What to bring to it as a reader
Some of the essays are demanding. Wang assumes a reader who can sit with ambiguity. Readers looking for a clear "what is schizophrenia" introduction will find more direct material in our overview piece or in Pete Earley's Crazy. Readers looking for a literary, slow-burn account of life inside the schizophrenia spectrum will find The Collected Schizophrenias a singular companion.
Why it matters culturally
Before Wang's book, the literary canon of schizophrenia memoir was relatively small in English: Elyn Saks, Lori Schiller, a handful of others. Wang's success — both critical (Whiting Award, Graywolf Prize) and popular — opened space for a wider range of writers to publish about psychotic and schizoaffective experience without having to fit a single narrative shape. Several younger memoirists have credited the book with making their own work possible.
Pairing it with other reading
Wang is best read in company. Pair her with:
- Elyn Saks, The Center Cannot Hold — for the more directly autobiographical, academic register.

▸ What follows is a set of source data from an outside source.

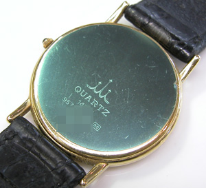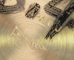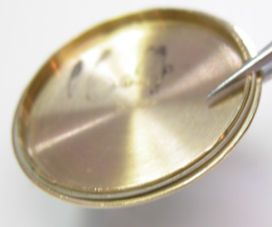 裏蓋は”はめ込みタイプ”で右が裏蓋記載。おや、14Kと。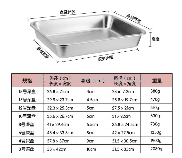 About Product:Thickened and deepened flat tray tray 304 stainless steel square tray bread tray.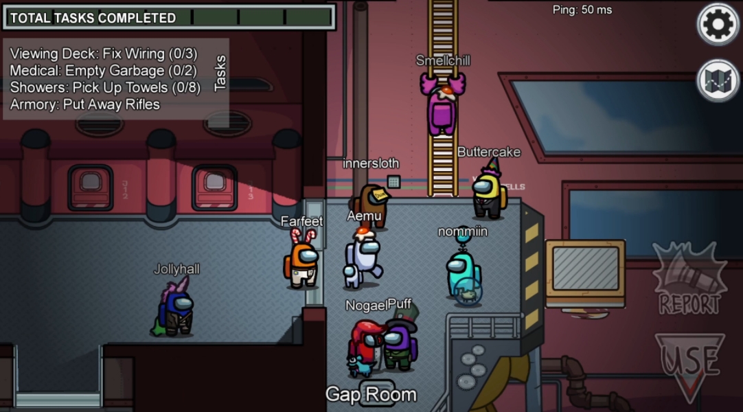 | Among Us 크루원의 임무: 크루원이 승리하려면 모든 임무를 완료해야 합니다. 임포스터를 조심하세요! 시체를 발견하면 신고하고 긴급회의를 열어 투표로 임포스터를 우주선에서 쫓아내세요. 옳은 선택을 내릴 수 있길 바랍니다! 임포스터의 임무: 몰래 숨어다니며 혼란을 일으키고, 무고한 사람에게 누명을 씌우세요! 모든 크루원을 처치하세요. 방해 공작을 능수능란하게 활용하세요. 커스터마이징: 원하는 플레이 방식을 선택하세요! 더 많은 임포스터와 임무를 추가하고, 시야 등을 낮출 수 있습니다. 원하는 색상, 스킨, 모자로 개성을 표현하세요. 크로스 플랫폼: PC, Android, iOS 등 플랫폼에 상관없이 친구와 플레이하세요! |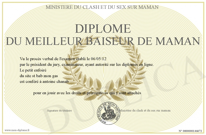Envoyez par email votre diplome du meilleur baiseur de maman personalisé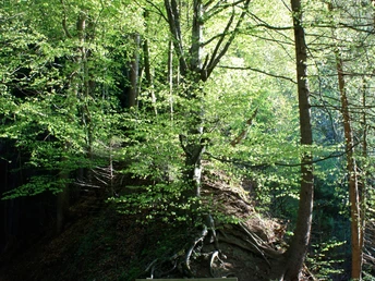 Le chemin commence par une descente. Bientôt on entend les oiseaux locaux chanter. Le regard se pose sur l'impressionnante Nagelfluh de la Tschingelfluh. Sur une colonne, on trouve des infos sur la forêt et le bois, à côté se trouve un endroit de repos. Le chemin continue sur un pont avec une vue à couper le souffle dans la gorge profonde jusqu'au lit du ruisseau avec ses grosses pierres, les blocs erratiques. En petites courbes, le chemin forestier monte légèrement. Un banc invite à une pause en pleine nature. En continuant, on suit une petite vallée, le « fischtere Gräbli ». Cette zone est particulièrement attrayante en mai, lorsque le tapis vert et blanc d'ail des ours couvre le sol. En direction d'Aeschlen, on traverse un pont. La formation rocheuse très intéressante de Nagelfluh composée de pierres arrondies (granit, gneiss, calcaire, etc.) se voit ici de très près. En suivant le panneau indicateur Aeschlen, on monte, quitte la forêt et atteint près du pont panoramique l'Hôtel Panorama Aeschlen.

- Pete Earley, Crazy — for the systems-and-policy perspective.
- Hannah Green's older novel I Never Promised You a Rose Garden (1964) — for a fictional but historically influential earlier portrait.
- Eleanor Longden's TED talk and writing — for the Hearing Voices framework.
For readers who want a more comprehensive list, our recommended memoirs guide rounds these out.
This article is for educational purposes only and is not medical advice, diagnosis, or treatment. Always consult a qualified mental health professional. If you or someone you know is in crisis, call or text 988 in the US, or your local emergency number.